# Eli Stone - extra episode this Sunday (4/13)



## taronga (Nov 16, 2006)

ABC is squeezing a second Eli Stone episode into the schedule this week on Sunday. Check your Season Passes for conflicts.

Sunday 4/13
"Waiting For That Day"

Thursday 4/17
"Soul Free" (season finale)


----------



## sieglinde (Aug 11, 2002)

Yeah that caught me by surprise. I guess maybe they are trying to grab more people?


----------



## mattack (Apr 9, 2001)

sieglinde said:


> Yeah that caught me by surprise. I guess maybe they are trying to grab more people?


.. I'd say trying to burn them off faster.


----------



## joemamafresh (Jan 26, 2003)

*i LOVE this show...and the fact that they're showing the episode after the first new desperate housewives episode (yippppeeeee!!!!) can only mean one thing, they are trying to get some new viewers...i'll be heartbroken if they cancel this great show...also, Canterbury's law on fox is FANTASTIC, but it's ratings probably aren't great either...*


----------



## msdonnelly (Apr 3, 2004)

I agree. Showing this extra episode after the first Desperate Housewives post-strike seems to be ABC's way to pump up a bit of extra viewership! I'm a fan of Eli so anything that helps....


----------



## TeighVaux (May 31, 2005)

I love this show also. And for those Parade readers, Jonny Lee is the feature celeb today in the James Brady "Better Know a Celeb" column.

Could Jonny be any more likeable?

I hope the show picks up some more viewers in its more high profile slot tonight. I think there are two more original episodes, tonight and then Thursday at 10 pm.

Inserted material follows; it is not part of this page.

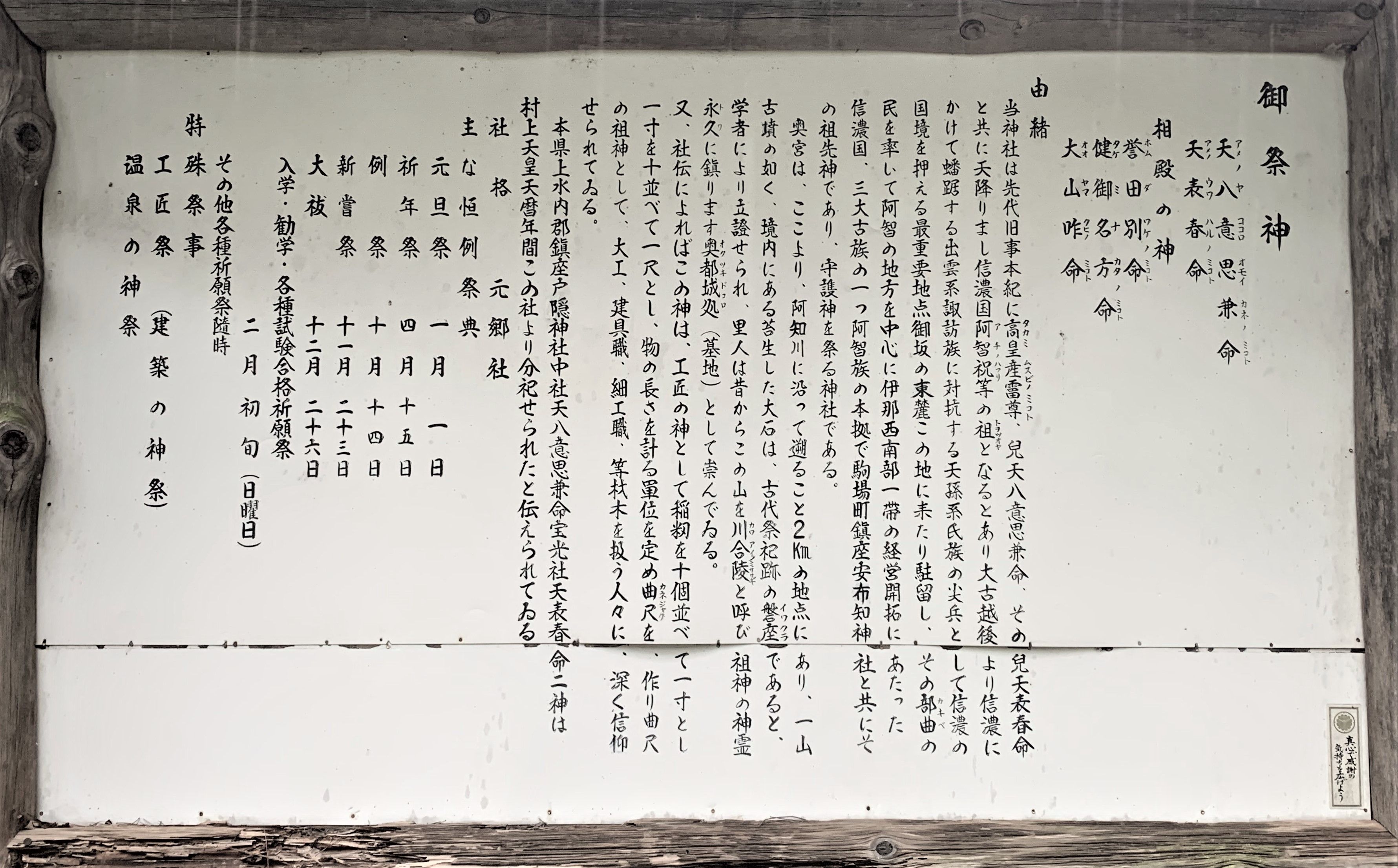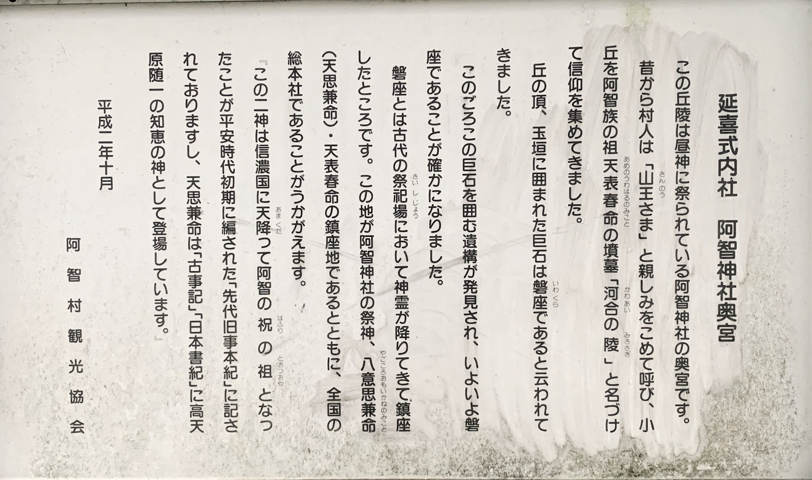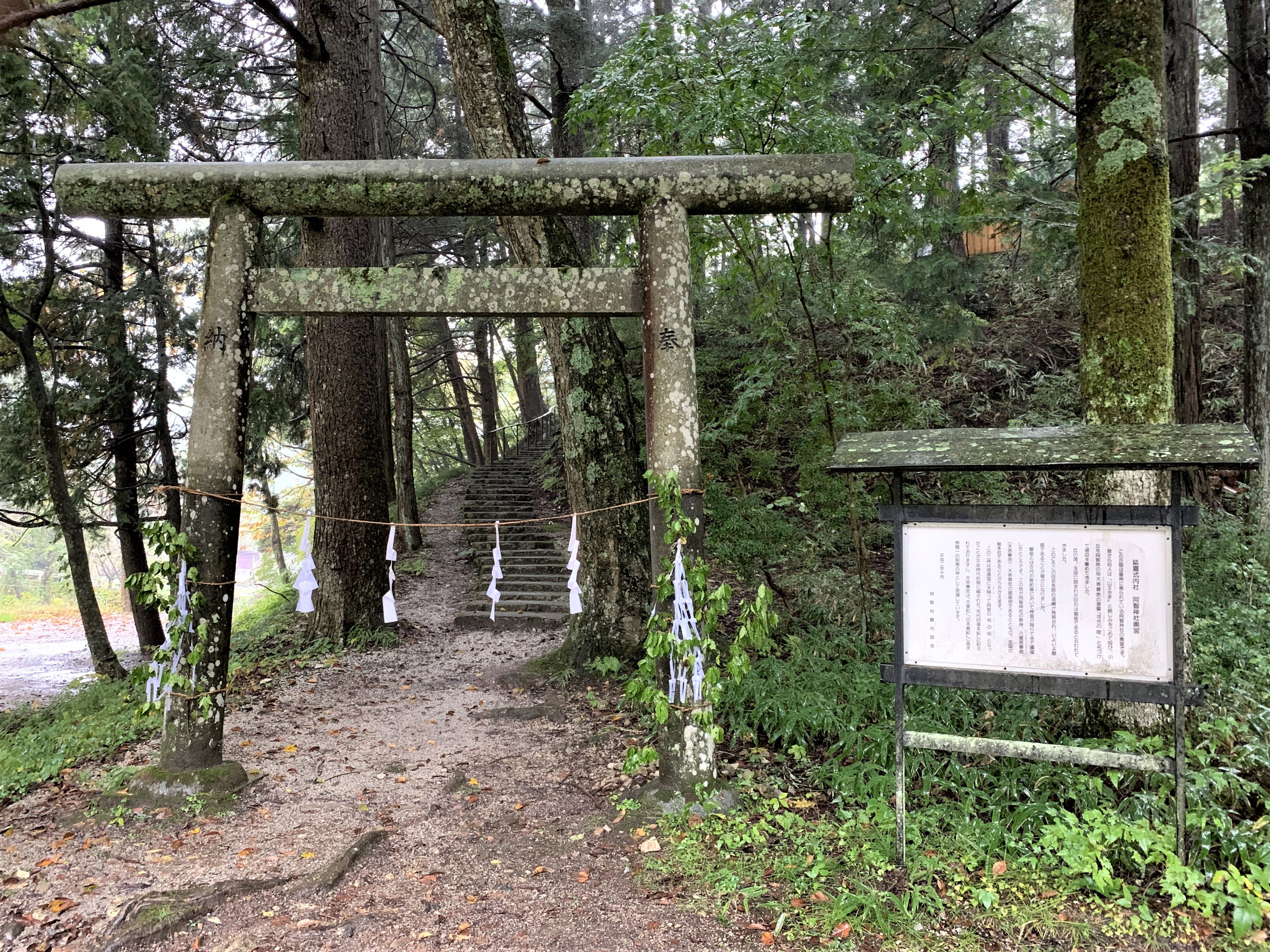 そこで上の画像は、延喜式内社 阿智神社(奥宮)の入口と、由緒が書かれた解説版を撮影したものだ。

ABC has not made a decision yet on picking it up for next season.


----------



## mattack (Apr 9, 2001)

There's one next week too..


----------



## astrohip (Jan 7, 2003)

mattack said:


> There's one next week too..


If there is, it's a repeat. This week's episode is the season finale. Thursday, Apr 17.


----------



## Devx (Jun 1, 2006)

+1 for fan of Eli.

Did anyone see when...oops, no spoilers.


----------



## Hercules67 (Dec 8, 2007)

Add me as a big fan of Eli!

Man, I want that show to return. It's no. 1 on my TiVo now, and I got it to the point where I've saved the last couple of episodes to rewatch them, they were so good!

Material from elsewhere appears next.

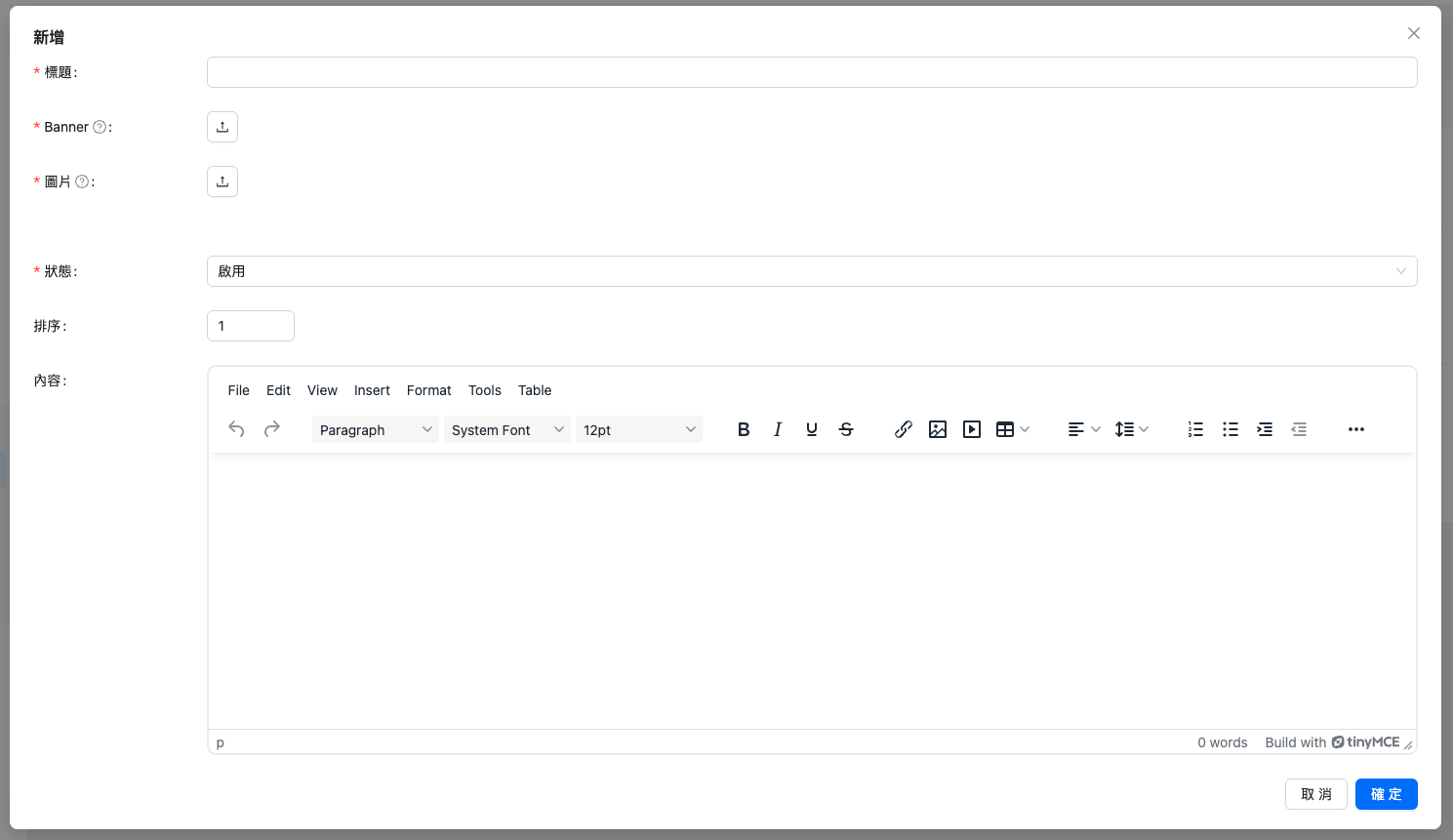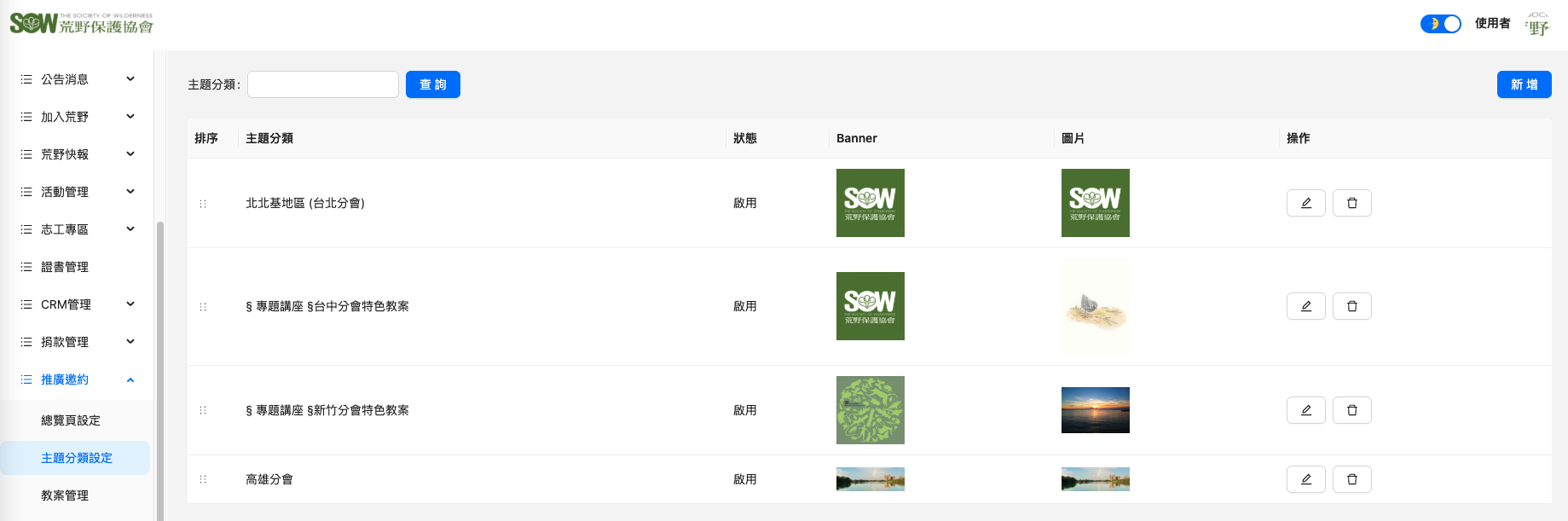 二、主題分類設定 管理者可在本功能進行『推廣邀約』的主題分類設定。 點選後,可編輯該主題分類。 點選後,將立即刪除該主題分類。 點選後,可新增主題分類。 Doc navigation← 一、總覽頁設定三、教案管理 →

ABC, please bring back Eli!!!! Pretty please?


----------



## mattack (Apr 9, 2001)

astrohip said:


> If there is, it's a repeat. This week's episode is the season finale. Thursday, Apr 17.


I must have been zoning out.


----------



## astrohip (Jan 7, 2003)

mattack said:


> I must have been zoning out.


I thought maybe you had a vision . . .


----------



## sieglinde (Aug 11, 2002)

Looks like the show is over for the season. So I guess they were burning off episodes.


----------